Record excerpts |
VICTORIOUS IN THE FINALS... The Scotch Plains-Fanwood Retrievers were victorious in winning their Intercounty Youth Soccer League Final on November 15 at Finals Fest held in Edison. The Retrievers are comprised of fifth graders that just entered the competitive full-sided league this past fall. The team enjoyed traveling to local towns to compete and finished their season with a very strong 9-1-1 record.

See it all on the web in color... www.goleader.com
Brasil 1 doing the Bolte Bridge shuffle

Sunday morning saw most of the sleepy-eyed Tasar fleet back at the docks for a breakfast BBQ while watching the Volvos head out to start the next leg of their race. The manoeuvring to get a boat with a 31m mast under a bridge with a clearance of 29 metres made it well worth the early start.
* * *
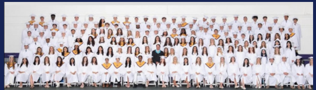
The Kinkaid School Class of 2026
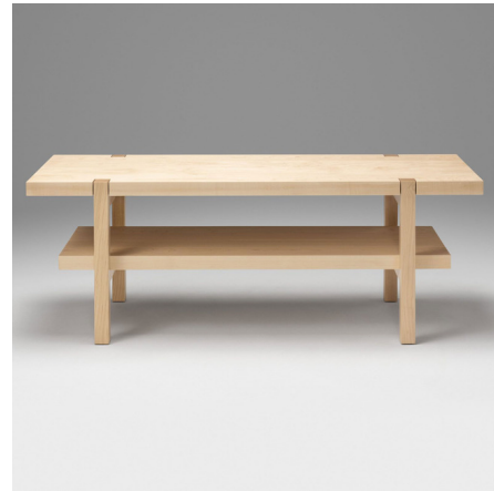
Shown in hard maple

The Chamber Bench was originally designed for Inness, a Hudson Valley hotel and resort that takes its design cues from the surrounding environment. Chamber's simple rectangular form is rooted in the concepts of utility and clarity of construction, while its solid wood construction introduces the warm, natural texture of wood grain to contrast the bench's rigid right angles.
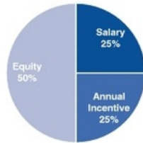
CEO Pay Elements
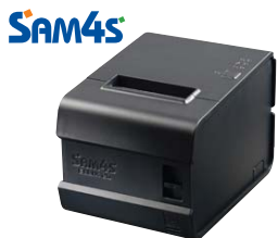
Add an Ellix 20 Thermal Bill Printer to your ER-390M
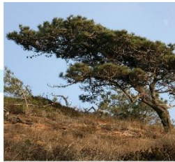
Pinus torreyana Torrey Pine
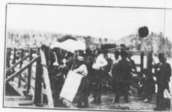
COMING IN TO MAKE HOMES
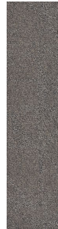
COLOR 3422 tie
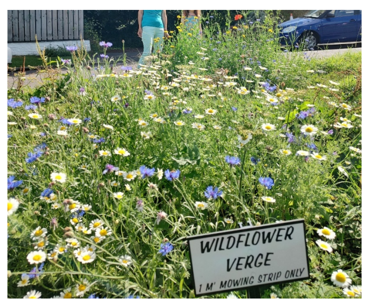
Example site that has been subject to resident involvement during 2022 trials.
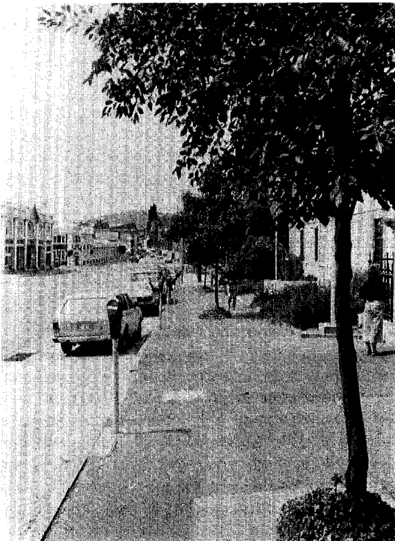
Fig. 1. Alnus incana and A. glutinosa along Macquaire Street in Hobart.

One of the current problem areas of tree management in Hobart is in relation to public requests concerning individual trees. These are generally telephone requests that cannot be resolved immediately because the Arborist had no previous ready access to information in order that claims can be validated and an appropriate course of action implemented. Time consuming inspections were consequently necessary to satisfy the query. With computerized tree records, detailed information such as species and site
--
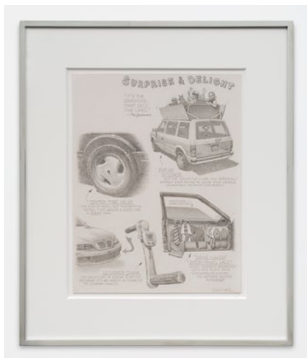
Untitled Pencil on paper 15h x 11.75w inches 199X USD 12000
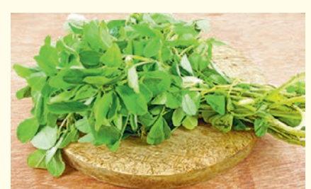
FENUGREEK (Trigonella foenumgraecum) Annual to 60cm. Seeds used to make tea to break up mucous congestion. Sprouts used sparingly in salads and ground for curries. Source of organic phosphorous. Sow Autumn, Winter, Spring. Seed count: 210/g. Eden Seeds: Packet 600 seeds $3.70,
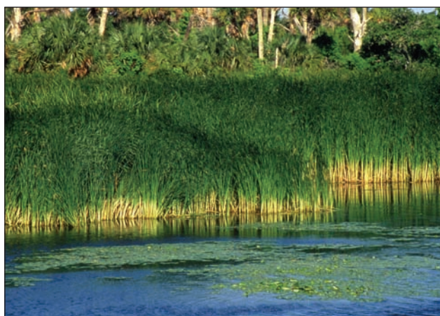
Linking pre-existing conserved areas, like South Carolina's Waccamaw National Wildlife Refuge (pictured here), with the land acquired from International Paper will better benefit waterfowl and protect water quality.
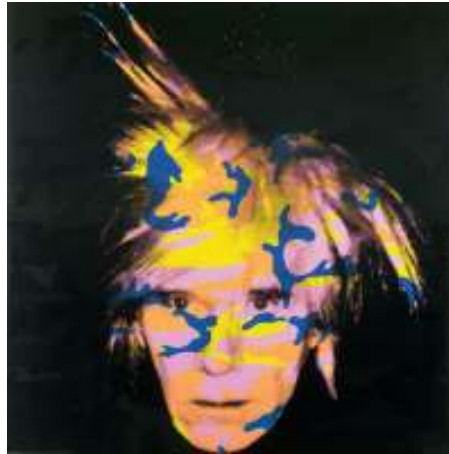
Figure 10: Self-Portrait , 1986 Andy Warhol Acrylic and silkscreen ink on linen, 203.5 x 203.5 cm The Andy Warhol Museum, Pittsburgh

Action item | Check each line of the entries, and copy the ones that contain "while".

Answer space |
Sunday morning saw most of the sleepy-eyed Tasar fleet back at the docks for a breakfast BBQ while watching the Volvos head out to start the next leg of their race. The manoeuvring to get a boat with a 31m mast under a bridge with a clearance of 29 metres made it well worth the early start.
The Chamber Bench was originally designed for Inness, a Hudson Valley hotel and resort that takes its design cues from the surrounding environment. Chamber's simple rectangular form is rooted in the concepts of utility and clarity of construction, while its solid wood construction introduces the warm, natural texture of wood grain to contrast the bench's rigid right angles.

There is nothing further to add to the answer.